To demonstrate Andrey Semashev's answer with examples, consider this:

#include <vector>

struct movable
{
    movable() = default;
    
    movable(const movable&) = delete;
    movable& operator=(const movable&) = delete;

    movable(movable&&) = default;
    movable& operator=(movable&&) = default;
};

struct copyable
{
    copyable() = default;
    
    copyable(const copyable&) = default;
    copyable& operator=(const copyable&) = default;

    copyable(copyable&&) = delete;
    copyable& operator=(copyable&&) = delete;
};

int main()
{
    // original example
    const std::vector<int> si;
    std::vector<int> ti;
    
    std::move(si.begin(), si.end(), std::back_inserter(ti)); // OK

    // example 2
    const std::vector<copyable> sc;
    std::vector<copyable> tc;
    
    std::move(sc.begin(), sc.end(), std::back_inserter(tc)); // OK

    // example 3
    const std::vector<movable> sv;
    std::vector<movable> tv;
    
    std::move(sv.begin(), sv.end(), std::back_inserter(tv)); // ERROR - tries to use copy ctor

    return 0;
}

Even though copyable doesn't have a move constructor, example 2 compiles with no error, as std::move picks copy constructor here.

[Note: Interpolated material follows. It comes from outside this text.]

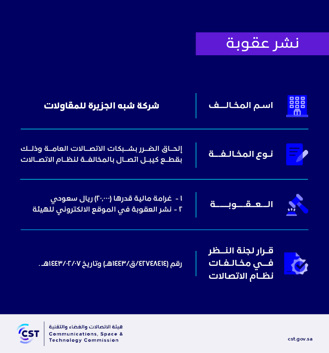 The Communications, Space and Technology Commission publishes the decision of the Committee for Review of Communications System Violations No. (42748414/Q/1443 AH) regarding (Peninsula Contracting Company)’s violation of the communications system.

On the other hand, example 3 fails to compile because the move constructor of movable is negated (better word?) by the constness of sv. The error you get is:

error: use of deleted function 'movable::movable(const movable&)'

Here is a complete example.

UPDATE

Step-by-step explanation:

  1. Since our type is const std::vector<T>, its vector::begin() function returns const_iterator.

  2. const_iterator when dereferenced inside std::move algorithm, returns const T&.

  3. std::move algorithm uses std::move function internally, eg:

    // taken from cppreference.com
while (first != last) *d_first++ = std::move(*first++);

  4. std::move function in its turn returns:

    // taken from cppreference.com
static_cast<typename std::remove_reference<T>::type&&>(t)`

    So, for const T& it returns const T&&.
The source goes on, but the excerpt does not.